Przed początkiem sezonu 2009/2010 zdecydowano, że „Konopa” jest już na tyle dojrzałym zawodnikiem, że można z czystym sumieniem włączyć w spis graczy pierwszego zespołu Dnipro Dnipropietrowsk. Liczącego 20-lat piłkarza czekało ogromnie trudne zadanie wywalczenia sobie miejsca w podstawowej jedenastce. W pierwszych starciach jednak nie pojawił się na placu boju nawet na minutę. Premierowy występ w 2009 roku zaliczył 19 września, wchodząc na 13 minut. Z czasem jednak trenerzy zaczęli coraz bardziej dostrzegać jego starania oraz sukcesywnie wzrastającą formę. Szansę gry od początku dostał 1 listopada tego roku przeciwko Tawrii Simferopol. Zmotywowało to Żenię do jeszcze większego zaangażowania w treningi. Dzięki temu na początku lutego 2010 wszedł do pierwszego składu i już go nie oddał. W każdym meczu prezentował się z bardzo dobrej strony. Jego znakomite występy wywołały również lawinę porównań do najlepszych graczy globu.
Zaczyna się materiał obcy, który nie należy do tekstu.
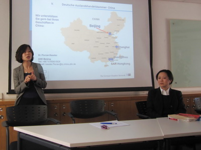 随后,德国商会北京代表处何昕法务副总监就法务部的工作作了介绍。她主要介绍了法务部工作的内容,并着重介绍了商会法务工作中经常涉及的合同法、税法、劳动法等问题。此外,她还就法务部实习生的岗位要求、实习内容等作了简介,并欢迎我院学生申请商会的实习生岗位;希望通过商会的平台,使我院学生得以在实务工作中运用、提高自身的专业知识。
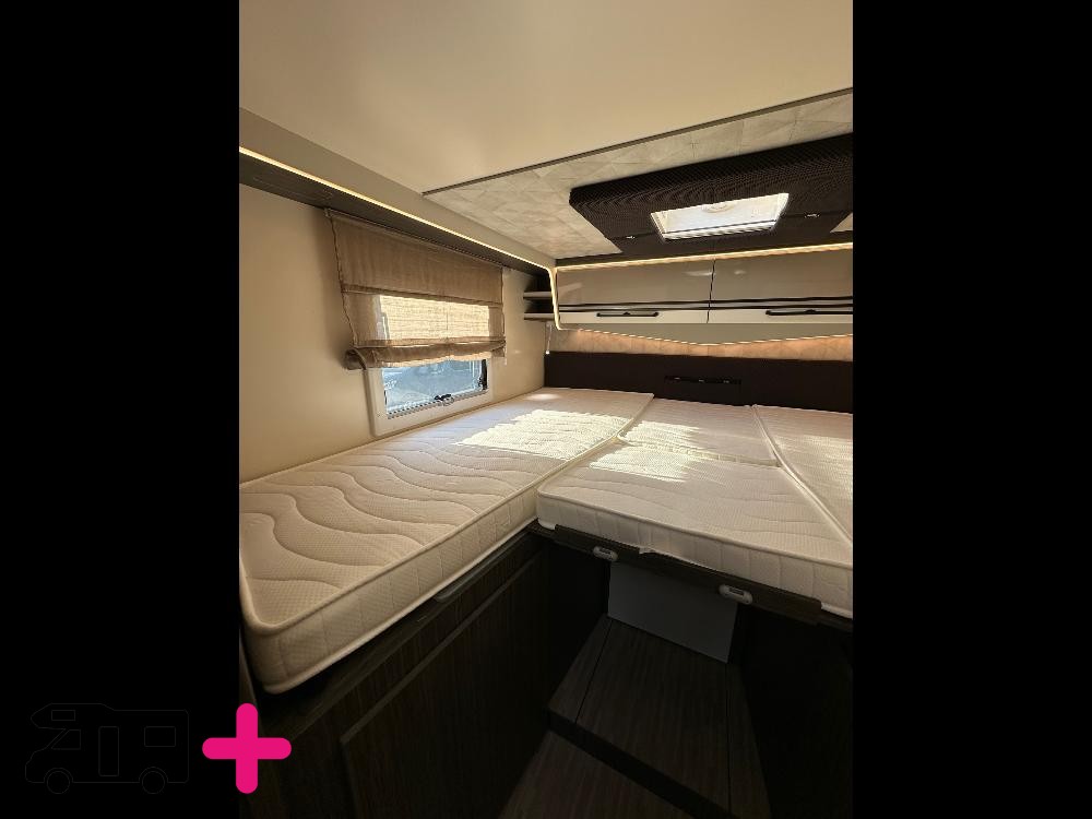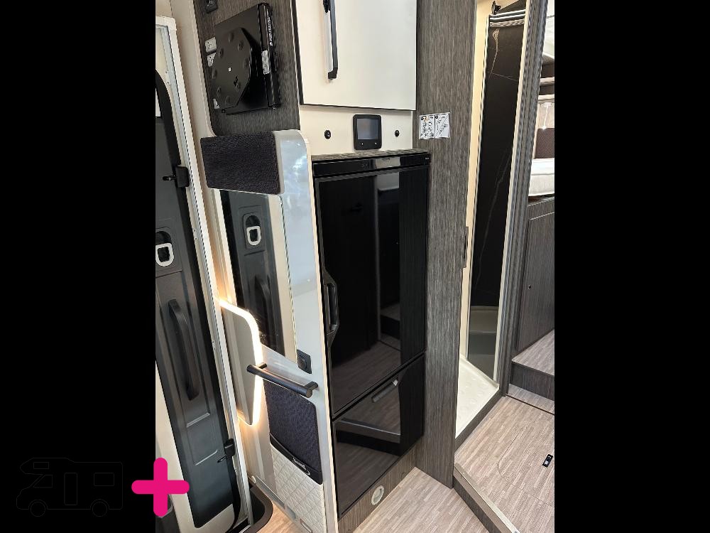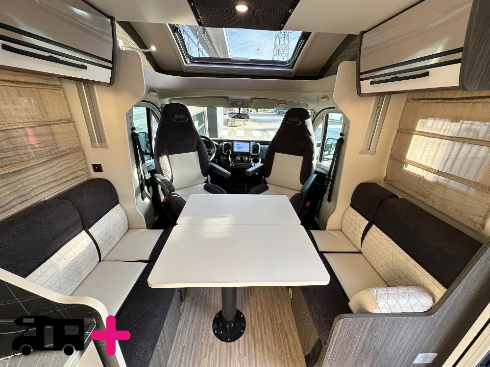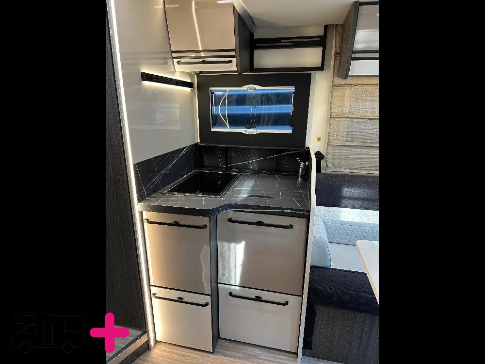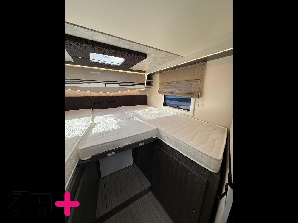 Feux antibrouillard, Pare-chocs avant couleur carrosserie, Skid Plate Noir, Jantes en alliage 16" bicolore, Volant et pommeau de vitesse en cuir, Tableau de bord Techno, TPMS - Contrôle de pression des pneus, Frein à main électrique, Porte cellule XL avec 2 points de sécurité avec fenêtre et serrure centralisée, Panneau solaire 200W avec régulateur MPPT, Skyroof, Stores occultants plissées cabine, Support TV, Housses de sièges cabine
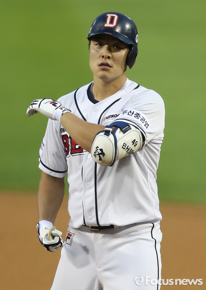(서울=포커스뉴스) 9일 서울 잠실구장에서 열린 2016 프로야구 KIA-두산 경기 2회말 1사 만루에서 두산 민병헌이 2타점 적시타를 치고 1루에서 박수치며 기뻐하고 있다.
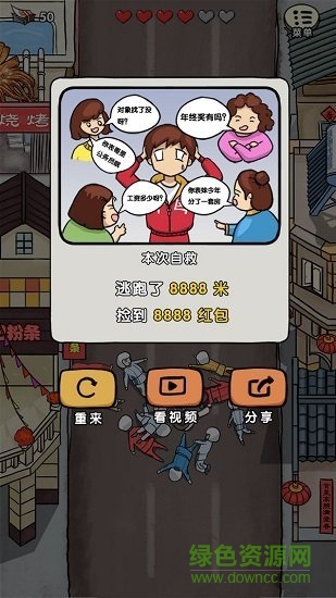 春节自救指南是一款以春节为主要题材的跑酷类游戏,春节到了,七大姑八大姨是不是又在灵魂深处拷问你,学习成绩怎么样啊,有没有交到女朋友啊,在哪里工作一个月可以拿多少钱啊,是不是有种想要逃跑的感觉,感兴趣的朋友就来绿色资源网下载安装吧

Konopliankę zaczęto nawet nazywać „ukraińskim Messim”. Zawodnikiem zainteresował się również trener Myron Markewicz, prowadzący ówcześnie pierwszą reprezentację Ukrainy. W niej Jewhen zadebiutował 25 kwietnia w starciu przeciwko Litwie. Dotychczas w zespole narodowym zaprezentował się cztery razy oraz zdążył jednokrotnie umieścić piłkę w siatce rywala.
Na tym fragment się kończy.